Instead, to date the opposite has happened.
In a new report, the International Campaign for Tibet shows the impact Xi’s 10 years have had on Tibet, revealing how the Chinese president has securitized the Tibetan Plateau and tried to “Sinify” the Tibetan people—meaning turn them into Chinese.
“Ten years later, and contrary to certain expectations, Xi Jinping has worked to implement two primary goals: securitize Tibet and Sinify the Tibetan people in the Chinese nation-state as part of his long-term assimilationist drive. Overall, Xi has shown himself to be among the most ruthless of Chinese leaders, as he has gone on to consolidate his power to the extent of virtually making himself the leader for life,” says the report, released today, Aug. 8, 2023.
With no end in sight to Xi’s reign, the situation in Tibet might only get worse.
However, ICT says that Xi can still change the future of Tibet—and China—for the better, and other countries can pressure him to peacefully resolve the Tibet-China conflict during the Dalai Lama’s lifetime.
Xi is projected as someone who adheres to the Chinese tradition of filial piety and sees his father, Xi Zhongxun, as an inspiration. Xi senior was known to be among those advocating for a softer approach on Tibet, so Xi Jinping could and should uphold his father’s legacy on Tibet.
Read ICT’s report, “Generation Change: 10 Years of Xi Jinping’s Sinification and Securitization of Tibetans.”
10 years of Xi
Xi became the Chinese Communist Party’s general secretary in November 2012 and China’s president in March 2013.
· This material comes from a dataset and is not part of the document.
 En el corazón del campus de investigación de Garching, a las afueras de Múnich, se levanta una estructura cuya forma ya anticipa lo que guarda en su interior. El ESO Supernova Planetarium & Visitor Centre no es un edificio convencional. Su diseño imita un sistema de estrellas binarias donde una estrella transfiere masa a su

In Tibet, the results of his reign speak for themselves:
- Due to greater security at the border, the number of Tibetans who escape as refugees plummeted from 753 in 2011 to just five in 2022.
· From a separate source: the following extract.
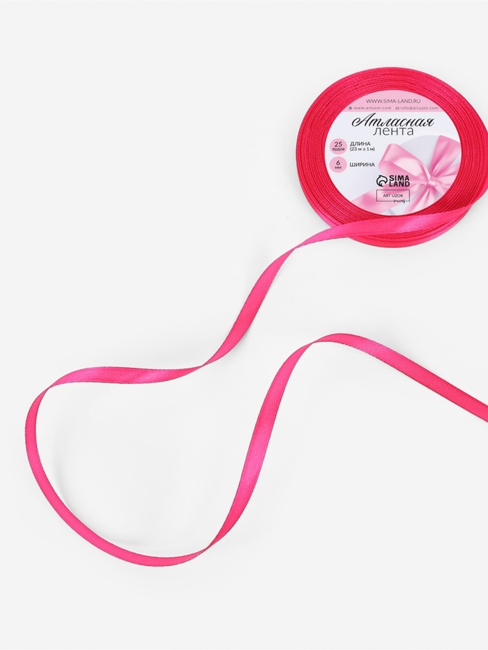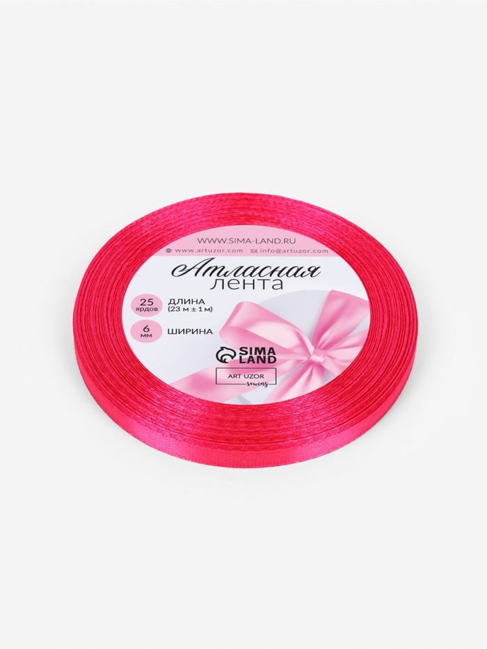 Лента атласная, 6 мм, 23±1 м, ярко-розовая №190 — Характеристики

- Tibetan self-immolations peaked in 2012, but since then, Chinese authorities have cracked down on this desperate act of protest by arresting the friends and family of self-immolators.
- Under Xi’s watch, China has subjected Tibetans to unprecedented mass DNA collection, facial recognition, artificial intelligence technology, and other advanced tools of surveillance and control.
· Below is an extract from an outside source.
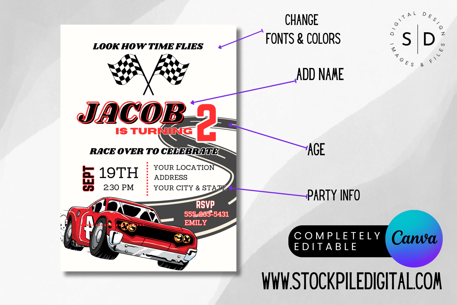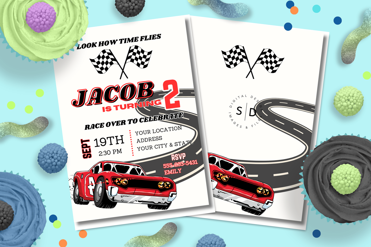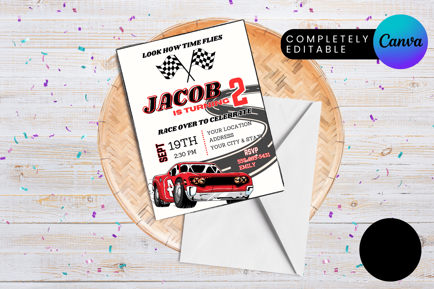 Make your child's special day even more memorable with the Time Flies Racecar Birthday Party Invitation Canva template. With its eye-catching design and matching colors, this customizable template is sure to make a lasting impression on guests. Create unique invitations quickly and easily – perfect for your little racing fan!

- China under Xi is trying to eliminate Tibetans as a distinct group by forcing them to give up their language, religion and culture and assimilate as Chinese citizens.
- One of the most shocking examples is China’s vast residential school system that has separated up to 1 million Tibetan children from their families and forced them to learn in Chinese rather than their mother language.
Different from previous leaders
Xi’s rule in Tibet has signaled a change in ideology for the CCP.
While earlier Communist leaders were also brutal to Tibetans, China had an official policy of ethnic autonomy that gave some freedom to Tibetans and other non-Chinese groups to retain their unique cultures.
But when Xi took over, he embraced a new hardline approach of ending ethnic autonomy and forcing so-called “minority” groups to assimilate into a unified Chinese nation.
Under this approach, China is now trying to “Sinify” Tibetans, meaning remake them as Chinese citizens who speak Mandarin, have “Chinese consciousness” and follow the CCP.
As a result, Xi’s China has cracked down severely on Tibetans’ religion, language and loyalty to the Dalai Lama. His administration formally launched an online database of CCP-approved Tibetan Buddhist reincarnations, officially designated as “authentic Living Buddhas” of Tibetan Buddhism, in January 2016. The database was a clear effort by the CCP to assert control over the Dalai Lama’s reincarnation and undermine the authority of legitimate Tibetan religious leaders.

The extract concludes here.